(Records from a collection)
Segment Open

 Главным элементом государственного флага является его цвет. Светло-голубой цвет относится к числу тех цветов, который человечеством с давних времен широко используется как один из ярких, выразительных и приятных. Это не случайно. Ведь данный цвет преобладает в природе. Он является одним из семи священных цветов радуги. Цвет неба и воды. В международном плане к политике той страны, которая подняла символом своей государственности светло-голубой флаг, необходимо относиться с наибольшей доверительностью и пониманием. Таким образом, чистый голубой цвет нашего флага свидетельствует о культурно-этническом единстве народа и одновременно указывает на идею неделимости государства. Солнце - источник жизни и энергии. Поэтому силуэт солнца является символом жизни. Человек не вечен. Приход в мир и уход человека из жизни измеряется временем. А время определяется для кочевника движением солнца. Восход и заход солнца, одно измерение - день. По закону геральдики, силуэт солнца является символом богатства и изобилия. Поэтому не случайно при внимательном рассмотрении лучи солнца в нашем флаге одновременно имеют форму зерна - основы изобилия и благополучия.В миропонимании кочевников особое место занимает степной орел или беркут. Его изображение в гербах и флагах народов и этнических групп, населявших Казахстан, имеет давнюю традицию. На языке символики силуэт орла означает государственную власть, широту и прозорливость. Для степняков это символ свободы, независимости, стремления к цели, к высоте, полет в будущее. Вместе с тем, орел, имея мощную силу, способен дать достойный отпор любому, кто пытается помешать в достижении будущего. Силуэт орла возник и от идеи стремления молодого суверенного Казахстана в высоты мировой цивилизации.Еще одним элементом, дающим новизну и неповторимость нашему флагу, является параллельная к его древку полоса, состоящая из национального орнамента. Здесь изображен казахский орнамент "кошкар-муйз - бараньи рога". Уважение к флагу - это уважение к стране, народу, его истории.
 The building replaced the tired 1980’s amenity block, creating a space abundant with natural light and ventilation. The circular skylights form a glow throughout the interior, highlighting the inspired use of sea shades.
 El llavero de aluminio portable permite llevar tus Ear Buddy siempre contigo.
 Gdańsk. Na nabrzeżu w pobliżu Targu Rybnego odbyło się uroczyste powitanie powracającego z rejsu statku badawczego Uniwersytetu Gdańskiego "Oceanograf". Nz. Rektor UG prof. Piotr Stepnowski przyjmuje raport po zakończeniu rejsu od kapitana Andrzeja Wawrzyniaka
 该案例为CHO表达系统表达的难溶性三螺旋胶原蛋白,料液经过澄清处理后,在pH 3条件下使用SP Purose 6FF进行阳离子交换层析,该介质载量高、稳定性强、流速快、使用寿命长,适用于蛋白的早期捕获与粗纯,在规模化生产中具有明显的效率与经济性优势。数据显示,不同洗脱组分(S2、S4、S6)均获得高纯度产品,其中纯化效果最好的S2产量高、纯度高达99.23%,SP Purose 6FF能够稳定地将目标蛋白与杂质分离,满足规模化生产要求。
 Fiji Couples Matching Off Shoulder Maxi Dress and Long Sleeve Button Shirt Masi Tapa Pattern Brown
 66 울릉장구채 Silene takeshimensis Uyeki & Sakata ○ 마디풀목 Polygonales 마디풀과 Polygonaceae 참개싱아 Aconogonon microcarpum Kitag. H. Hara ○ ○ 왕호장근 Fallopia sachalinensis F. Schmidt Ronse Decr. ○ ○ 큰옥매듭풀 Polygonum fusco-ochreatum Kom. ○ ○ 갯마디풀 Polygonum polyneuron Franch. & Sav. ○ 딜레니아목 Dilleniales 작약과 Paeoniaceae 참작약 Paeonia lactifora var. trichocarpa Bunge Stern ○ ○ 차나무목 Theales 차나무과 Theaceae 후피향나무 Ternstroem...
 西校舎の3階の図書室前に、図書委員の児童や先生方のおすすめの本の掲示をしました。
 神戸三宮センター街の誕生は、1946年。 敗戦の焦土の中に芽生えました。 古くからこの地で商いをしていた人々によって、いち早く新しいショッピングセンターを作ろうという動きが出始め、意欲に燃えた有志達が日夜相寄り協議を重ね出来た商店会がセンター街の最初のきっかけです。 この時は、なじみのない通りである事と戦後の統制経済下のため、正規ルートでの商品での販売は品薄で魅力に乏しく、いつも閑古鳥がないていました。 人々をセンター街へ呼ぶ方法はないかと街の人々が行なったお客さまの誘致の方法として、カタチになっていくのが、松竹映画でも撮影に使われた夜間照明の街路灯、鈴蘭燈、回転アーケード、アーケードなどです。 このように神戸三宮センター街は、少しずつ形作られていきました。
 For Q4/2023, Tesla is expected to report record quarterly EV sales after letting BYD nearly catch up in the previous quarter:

Segment Closed
Segment Open

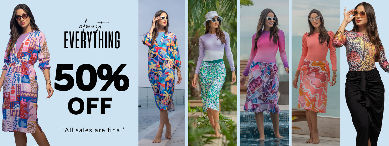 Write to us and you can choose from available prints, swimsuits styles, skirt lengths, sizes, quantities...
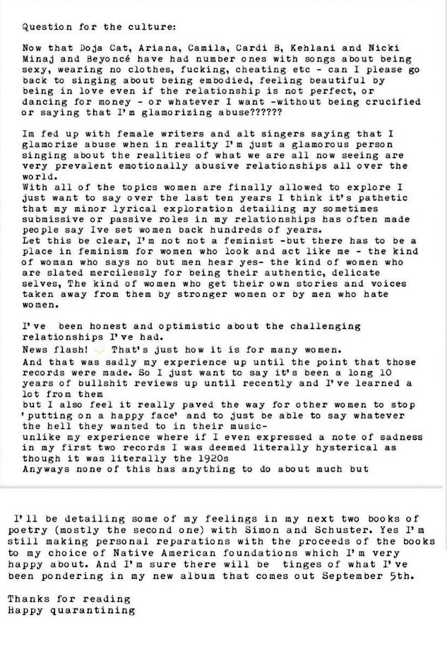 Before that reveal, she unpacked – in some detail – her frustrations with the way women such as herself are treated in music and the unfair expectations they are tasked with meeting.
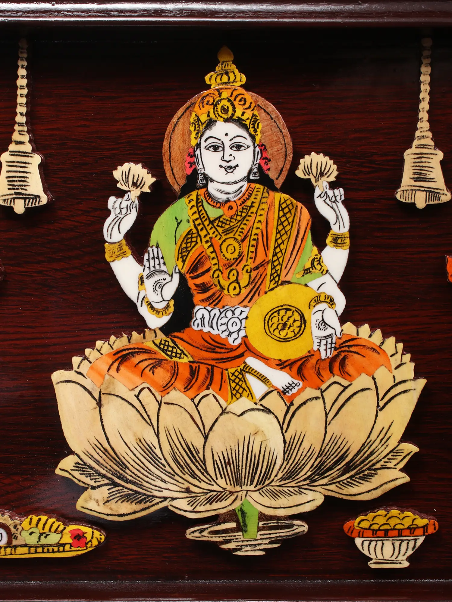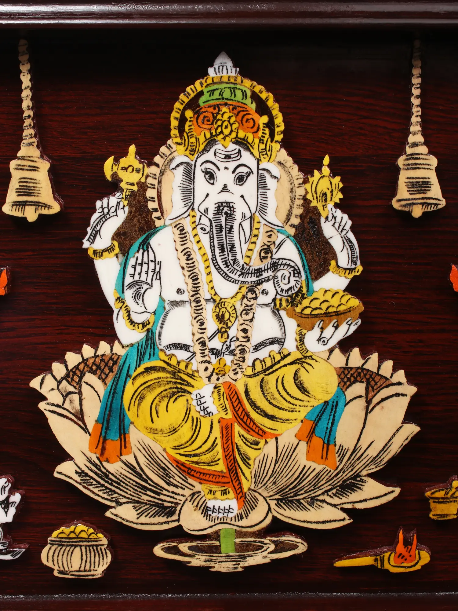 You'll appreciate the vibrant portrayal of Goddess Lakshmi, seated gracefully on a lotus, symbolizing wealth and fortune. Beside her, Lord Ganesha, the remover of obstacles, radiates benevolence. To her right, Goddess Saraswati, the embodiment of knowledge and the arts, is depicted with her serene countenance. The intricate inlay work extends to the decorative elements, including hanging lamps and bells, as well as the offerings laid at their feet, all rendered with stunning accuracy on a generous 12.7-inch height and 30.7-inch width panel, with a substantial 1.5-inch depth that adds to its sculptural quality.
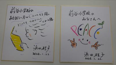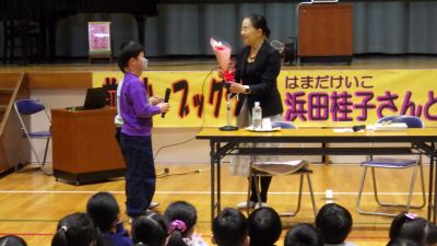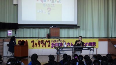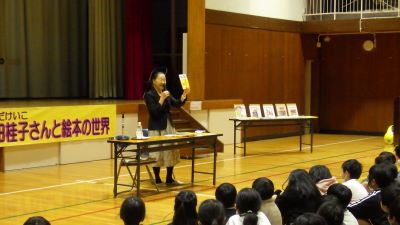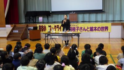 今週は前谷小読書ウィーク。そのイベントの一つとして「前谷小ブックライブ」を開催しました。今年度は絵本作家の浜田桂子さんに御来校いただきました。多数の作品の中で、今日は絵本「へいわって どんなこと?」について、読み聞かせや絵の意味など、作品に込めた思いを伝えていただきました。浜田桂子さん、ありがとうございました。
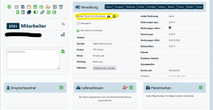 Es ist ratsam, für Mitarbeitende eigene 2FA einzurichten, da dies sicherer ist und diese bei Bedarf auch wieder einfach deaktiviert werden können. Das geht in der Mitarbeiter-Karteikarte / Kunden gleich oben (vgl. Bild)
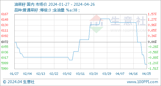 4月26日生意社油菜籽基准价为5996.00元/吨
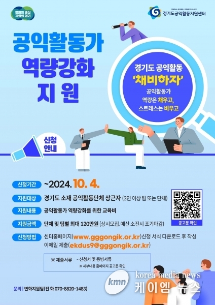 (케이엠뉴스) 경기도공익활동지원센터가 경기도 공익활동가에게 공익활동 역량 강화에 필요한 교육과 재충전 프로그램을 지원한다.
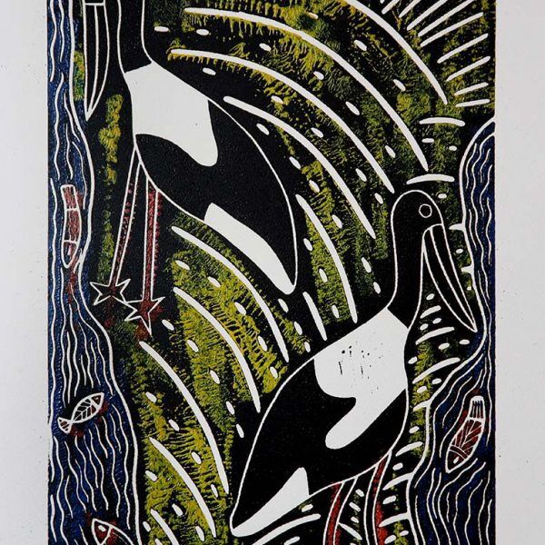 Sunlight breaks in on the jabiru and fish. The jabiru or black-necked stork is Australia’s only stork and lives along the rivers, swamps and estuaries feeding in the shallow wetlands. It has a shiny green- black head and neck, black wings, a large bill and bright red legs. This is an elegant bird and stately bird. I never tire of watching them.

Segment Closed
Segment Open

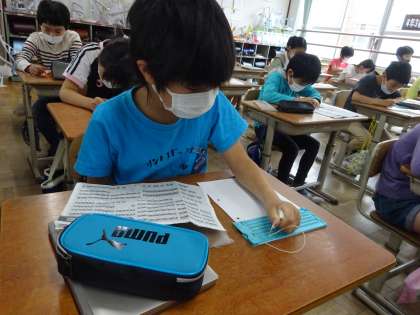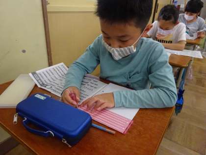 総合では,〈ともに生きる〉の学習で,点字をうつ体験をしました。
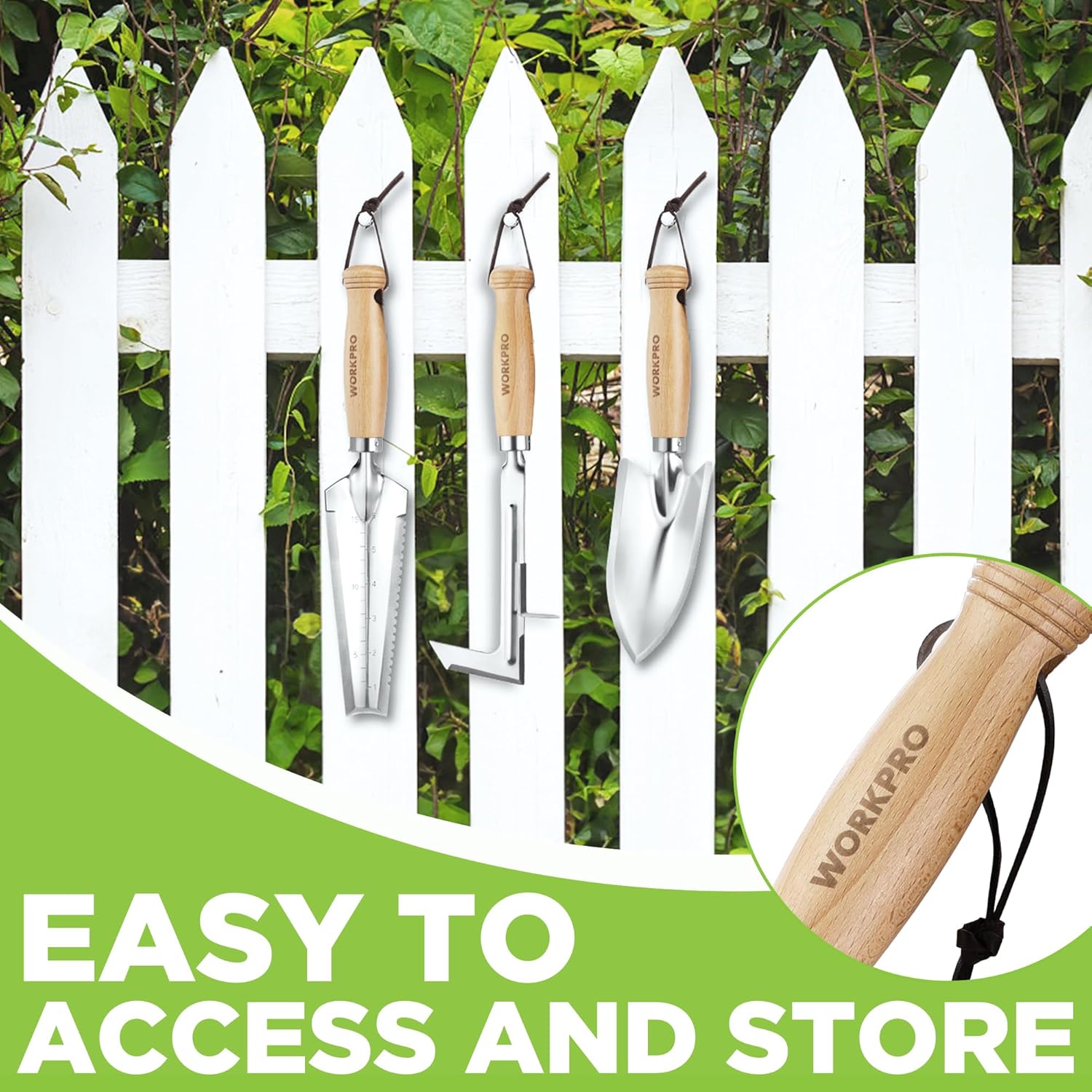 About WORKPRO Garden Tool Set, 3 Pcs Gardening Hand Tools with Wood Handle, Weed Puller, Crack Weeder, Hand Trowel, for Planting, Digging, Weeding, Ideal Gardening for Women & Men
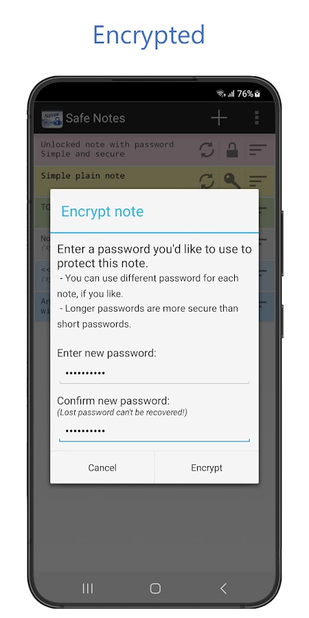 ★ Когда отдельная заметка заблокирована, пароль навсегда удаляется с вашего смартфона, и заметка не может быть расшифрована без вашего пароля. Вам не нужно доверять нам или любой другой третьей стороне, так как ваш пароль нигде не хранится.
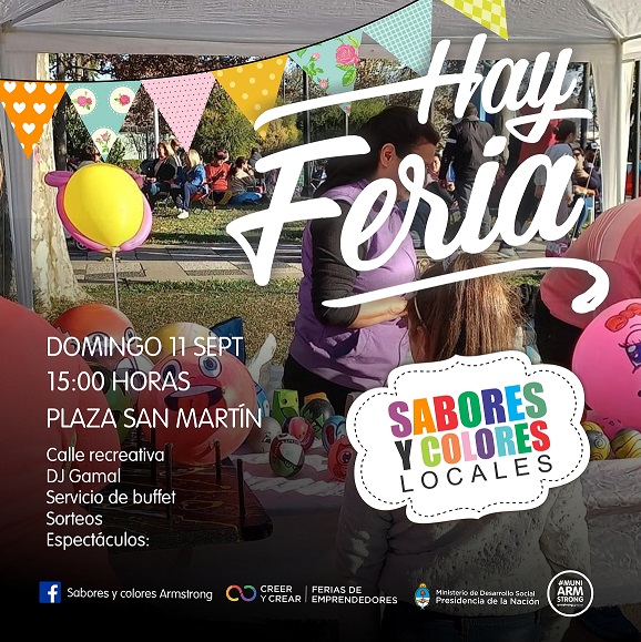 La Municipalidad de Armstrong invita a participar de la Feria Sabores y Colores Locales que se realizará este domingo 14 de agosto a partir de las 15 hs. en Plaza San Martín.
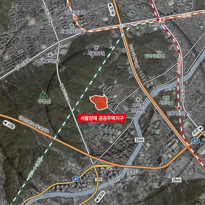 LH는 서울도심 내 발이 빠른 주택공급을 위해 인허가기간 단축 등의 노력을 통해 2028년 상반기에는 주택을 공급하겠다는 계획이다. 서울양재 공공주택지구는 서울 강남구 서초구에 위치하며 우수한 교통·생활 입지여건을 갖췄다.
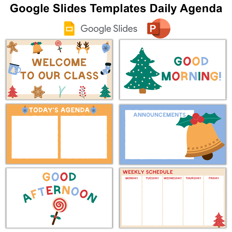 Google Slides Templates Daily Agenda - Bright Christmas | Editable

Segment Closed

Try it =>
Here the job is to copy the stretch of records from the line containing "4月26日生意社油菜籽基准价为5996.00元/吨" through the line containing "(케이엠뉴스) 경기도공익활동지원센터가 경기도", word for word. Leave every picture out.

Answer to this task =>
 4月26日生意社油菜籽基准价为5996.00元/吨
 (케이엠뉴스) 경기도공익활동지원센터가 경기도 공익활동가에게 공익활동 역량 강화에 필요한 교육과 재충전 프로그램을 지원한다.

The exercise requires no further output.